Public Release 2.7.2 (03.24.06)

  • bugfix: updated the http-client library to accept all SSL certificates.
  • bugfix: in certain situations the database was getting closed prematurely when screen-scraper was invoked from the command line.

Public Release 2.7 (03.08.06)

  • feature: screen-scraper can now generate RSS feeds from scraped data.
  • feature: added session.addToSessionVariable method.
  • feature: log messages have been enhanced and clarified.
  • feature: all of screen-scraper's ports are now settable in the properties file.
  • feature: the web server can now be disabled.
  • feature: because of a bug in the third-party library that handles the VBScript engine we included a warning in screen-scraper when using VBScript.
  • bugfix: hot swapping scraping sessions and scripts has been improved.
  • bugfix: the server can now be run via the shell scripts on more recent versions of Mac OS X.
  • bugfix: a few fixes were made to increase database robustness.

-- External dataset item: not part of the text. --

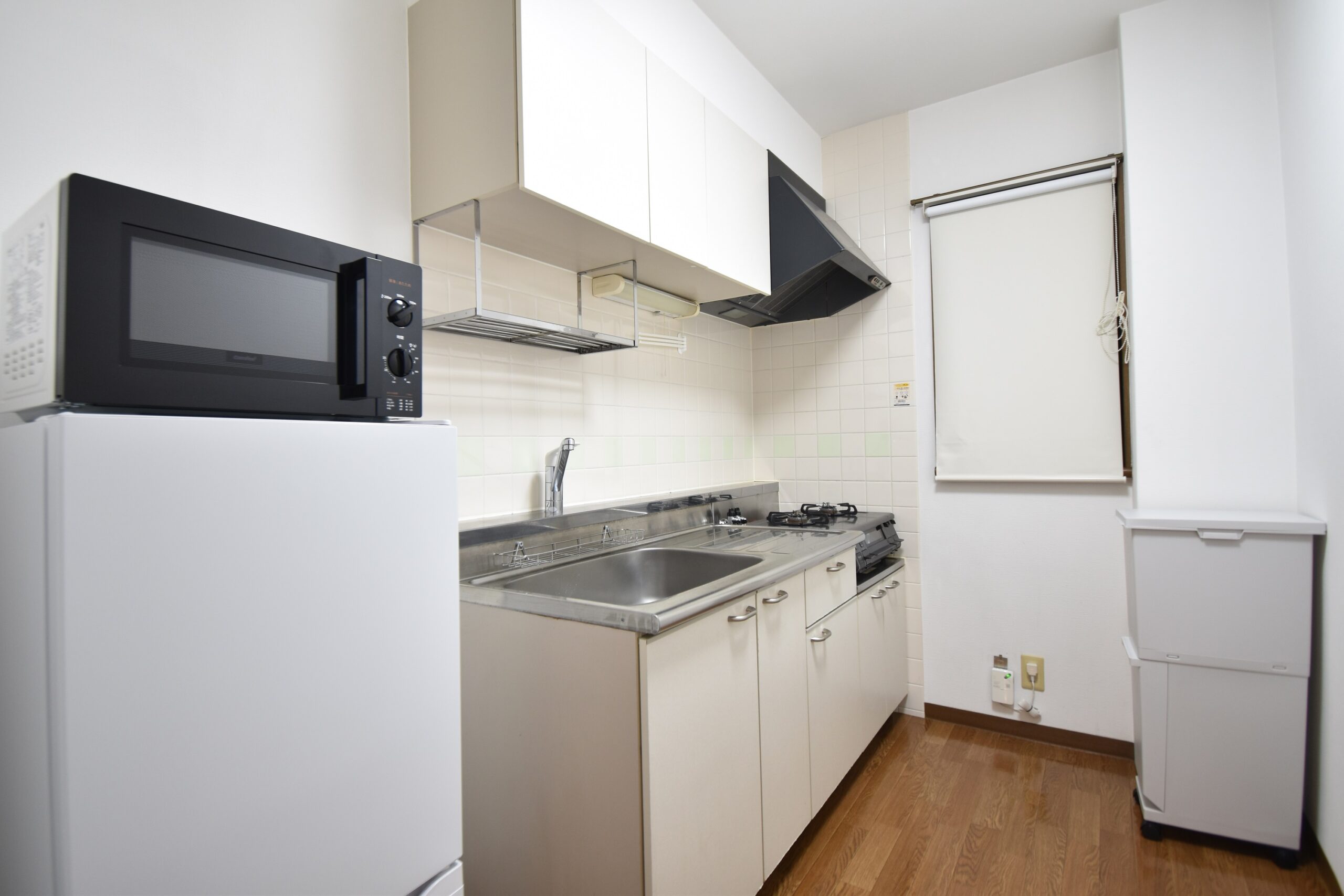 ・キッチン(2口ガスコンロ・冷蔵庫・電子レンジ・電気ケトル・炊飯器)

Public Release 2.6 (11.01.05)

  • feature: international character sets are now supported.
  • feature: files can be uploaded within scrapeable files.
  • feature: added scrapeableFile.saveFileOnRequest, which allows for binary files to be downloaded via POST requests.
  • feature: added session.reformatDate, which allows for extracted dates to be reformatted.
  • bugfix: fixed bugs where harmless SQL errors were being generated.
  • bugfix: under certain circumstances errors would occur when proxying binary files.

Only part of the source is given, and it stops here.